When you go to Magnolia Gardens don’t expect formal, colonial gardens like those at nearby Middleton Place. Yes, it dates back to 1676 when the original owners had a rice plantation and a garden for their own amusement but during the 19th century, the Civil War changed the nature of plantation life and the gardens were redesigned to reflect the naturalistic trends that were prevalent in England and elsewhere at that time. Magnolia Gardens has a lot to offer and the secret to its charm lies in the dark water created by the tannic acid from the roots of the native bald cypress that populate the environs. The dark waters act as mirrors for the trees, sky, and bridges that fill the landscape and Spanish moss embellish the stately live oaks. The natural vegetation is enhanced by the bright colored flowers of the introduced species, as was the style in that era. In spring, the azaleas make this a paradise but over the years the owners have introduced a variety of plants to extend the beauty of the gardens year-round.

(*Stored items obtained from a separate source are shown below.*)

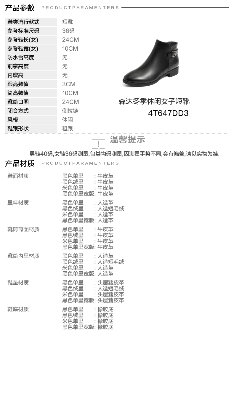 | 鞋底材质:橡胶底 | 靴筒内里材质:人造革 | 内增高:无 | 鞋面材质:牛皮革 | 闭合方式:侧拉链 |
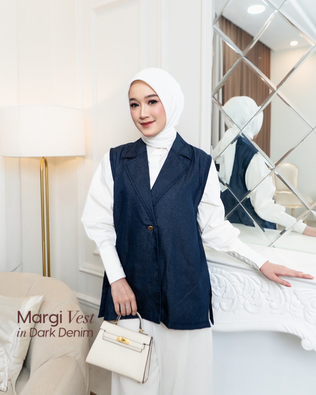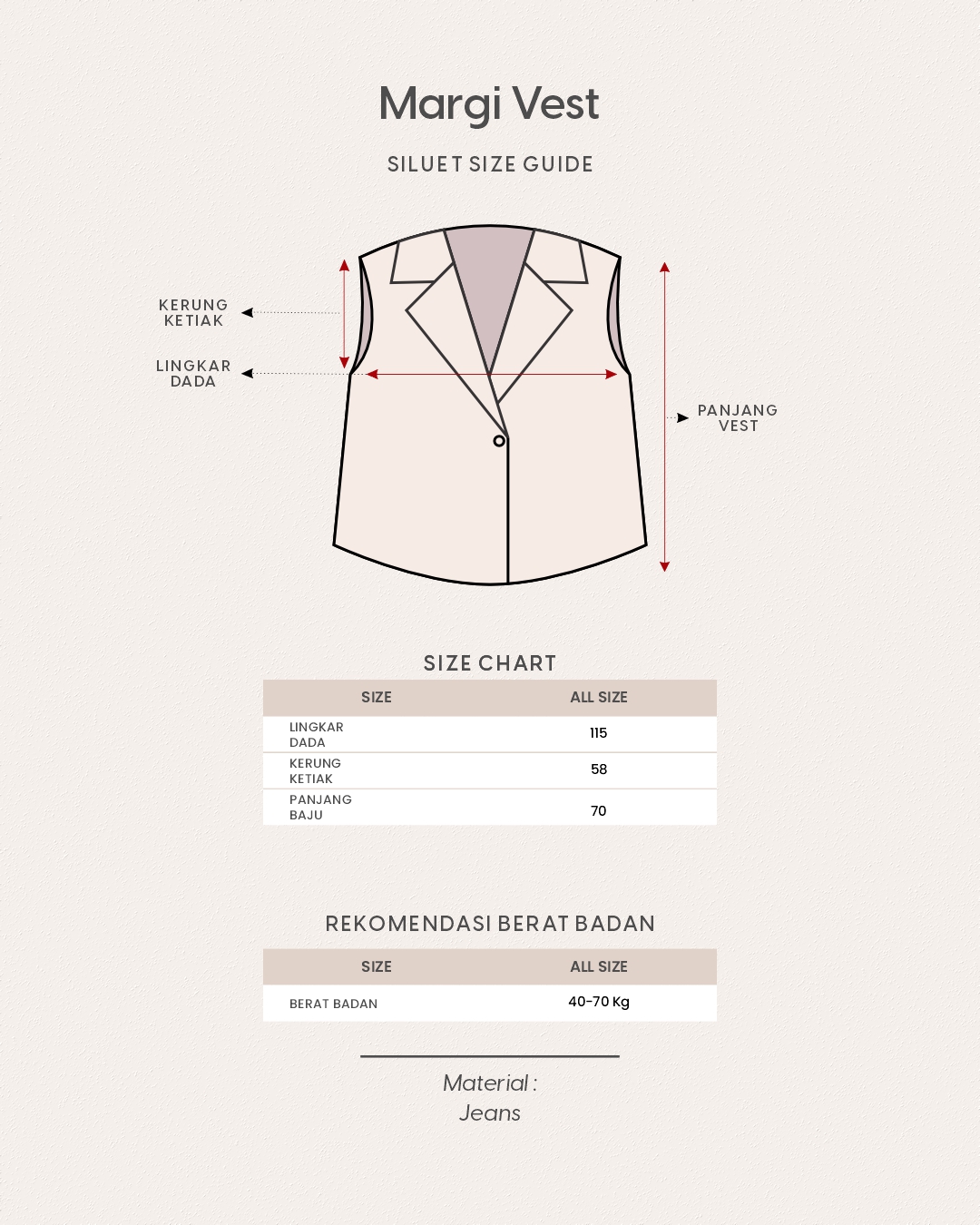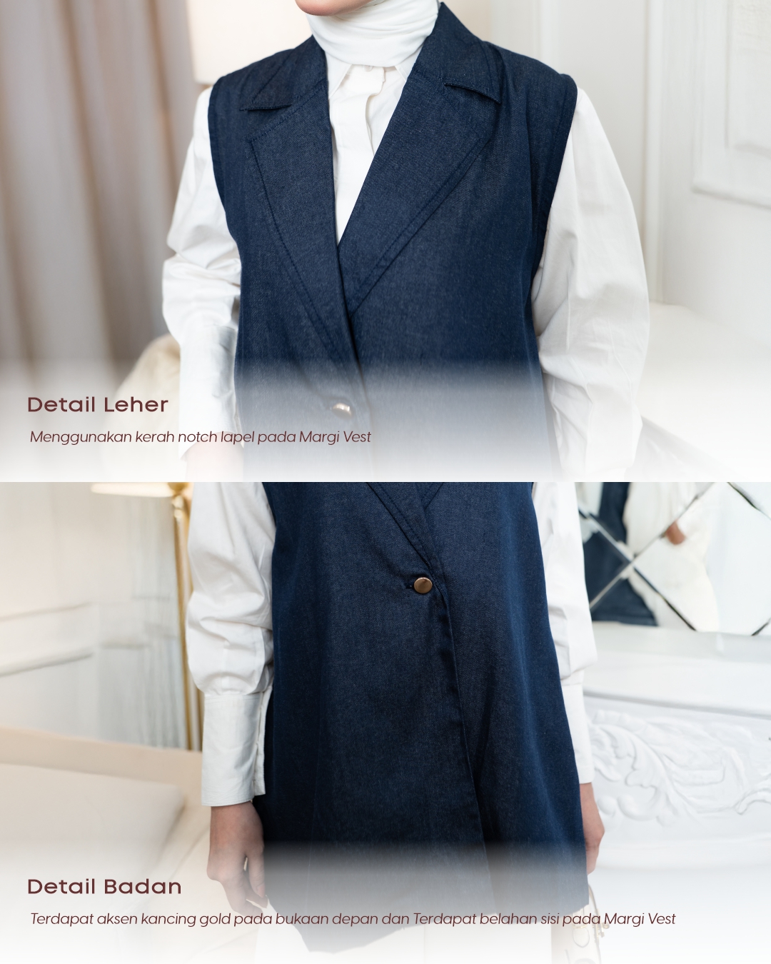 Terdapat aksen kancing gold pada bukaan depan dan terdapat belahan sisi pada Margi Vest
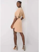 Trendy košilové šaty/tunika s výstřihem do V a manžetami na rukávech. Součástí výrobku je úzký černý pásek. Asymetrický lem vzadu delší. Nepružný a vlnitý materiál.
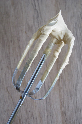 Una vez obtenido lo retiramos de fuego y giramos con movimientos suaves el cazo en el aire hasta que enfríe un poco. Unos minutos. A continuación añadimos la nata y fuera del fuego, y con una varilla, removemos hasta que quede integrado.

Other features of Magnolia Gardens that have caught the fancy of gardeners are the gardens featuring camellias and magnolias, the 16th century maze, an herb garden, a Biblical garden, and a topiary garden. A visit to the plantation house and the former slave street recall the early history of the area and are well worth a visit. Many nature lovers find the diversity of plant and animal life in the Audubon Swamp Garden the highlight of their visit.
The best time to visit Magnolia Gardens is spring when the camellias and Indica azleas are in full bloom. Combine it with a visit to the other gardens near Charleston, S. C. and you have a fabulous horticultural experience.